Fix the parity of original and exported module parameters #160600

supercharleszhu · 2025-08-14T01:03:33Z

Problem

Fixing parameter mismatch issue during torch.export with strict mode (see "How to reproduce the issue" section below):

When there are two attribute mapping to the same tensor, the strict mode will

Have a standard param buffer table to standardize the name (bug happens here! when 2 parameter have same id(param), the latter name will overwrite the previous name)
Update exported signature with updated standard FQN (problematic)
When getting exported_program.module(), it will call _unlift_exported_program_lifted_states to recover attribute from exported signature where the parameter name is defined and standardized
Then the named_parameter of this module will have overwritten name instead of original name

How to reproduce the issue?

reproduce issue shared by @taotaohuang001

torch version: 2.8.0

import torch
from torch import nn

# ---- Toy model with embedding weight sharing (aliasing) ----
class Toy(nn.Module):
    def __init__(self):
        super().__init__()
        self.embedding_layers = nn.ModuleDict()
        tbl = nn.Embedding(100, 8)
        self.embedding_layers["ActorId"] = tbl
        # Alias: reuse the SAME module instance for another feature
        self.embedding_layers["RootActorId"] = self.embedding_layers["ActorId"]
        self.proj = nn.Linear(16, 1)

    def forward(self, feats: dict[str, torch.Tensor]):
        e1 = self.embedding_layers["ActorId"](feats["ActorId"])
        e2 = self.embedding_layers["RootActorId"](feats["RootActorId"])
        return self.proj(torch.cat([e1, e2], dim=-1))

torch.manual_seed(0)

m = Toy().eval()

# Show pre-export parameter names (canonicalized; shared weight appears once)
print("PRE-EXPORT named_parameters:")
print([name for name, _ in m.named_parameters()])
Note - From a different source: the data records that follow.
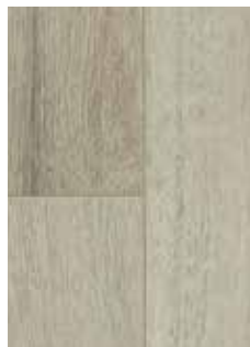
520 Light Taupe
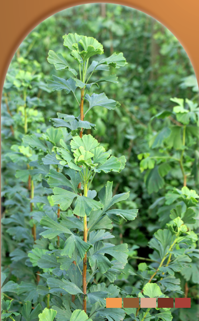
Ginkgo biloba 'Menhir'

G inkgo biloba 'Menhir' is what the name suggests, a slender upright columnar tree which forms a nice straight tree without having to tie it up. Already in a young stage 'Menhir' has a steady and strong growth. The foliage of 'Menhir' is nicely carved and has a gray-blue color. In autumn the Ginkgo colors yellow and keeps that color for a long time. 'Menhir' is resistant to disease and grows in any soil type.
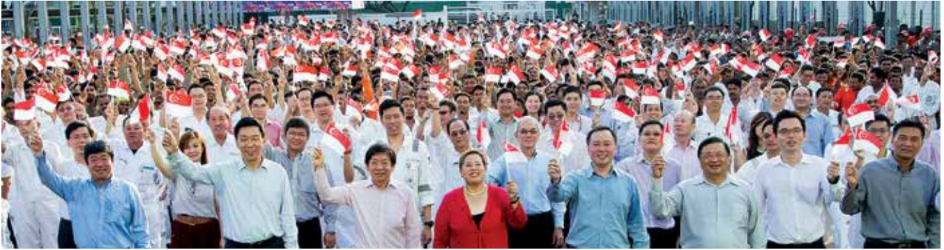
Mr Khaw Boon Wan (front row, third from left), Singapore's Coordinating Minister for Infrastructure and Minister for Transport, marked the nation's 51st birthday with Keppel Offshore & Marine's board and management, union leaders and staff

Around the world, Keppelites from Singapore commemorated the country's 51st National Day.

# Sanity: the two feature names point to the same weight object
w1 = m.embedding_layers["ActorId"].weight
w2 = m.embedding_layers["RootActorId"].weight
print("PRE-EXPORT alias -> same object:", w1 is w2, "| same storage:", w1.data_ptr() == w2.data_ptr())

# Example inputs (dict structure will be captured by export)
ex_in = {
    "ActorId":     torch.randint(0, 100, (4,)),
    "RootActorId": torch.randint(0, 100, (4,)),
}

# ---- Export (in memory) and materialize the runnable module ----
ep = torch.export.export(m, (ex_in,), strict=True)
gm = ep.module()  # GraphModule with new (canonical) parameter names

print("\nPOST-EXPORT named_parameters (GraphModule):")
post_names = [name for name, _ in gm.named_parameters()]
print(post_names)

# Prove alias persists after export: run fwd/bwd and check a single grad tensor exists
out = gm(ex_in).sum()
out.backward()

# Find the embedding weight in the exported module by shape (100, 8)
emb_names = [name for name, p in gm.named_parameters() if p.shape == torch.Size([100, 8])]
print("\nEmbedding param (post-export) canonical name:", emb_names[0] if emb_names else "<not found>")

# Show that only one grad exists for the shared table
for name, p in gm.named_parameters():
    if p.grad is not None and p.shape == torch.Size([100, 8]):
        print("Grad present on shared embedding weight:", name, "| grad shape:", tuple(p.grad.shape))
        break

And you will see parameters are different before and after export

PRE-EXPORT named_parameters:
['embedding_layers.ActorId.weight', 'proj.weight', 'proj.bias']
PRE-EXPORT alias -> same object: True | same storage: True

POST-EXPORT named_parameters (GraphModule):
['embedding_layers.RootActorId.weight', 'proj.weight', 'proj.bias']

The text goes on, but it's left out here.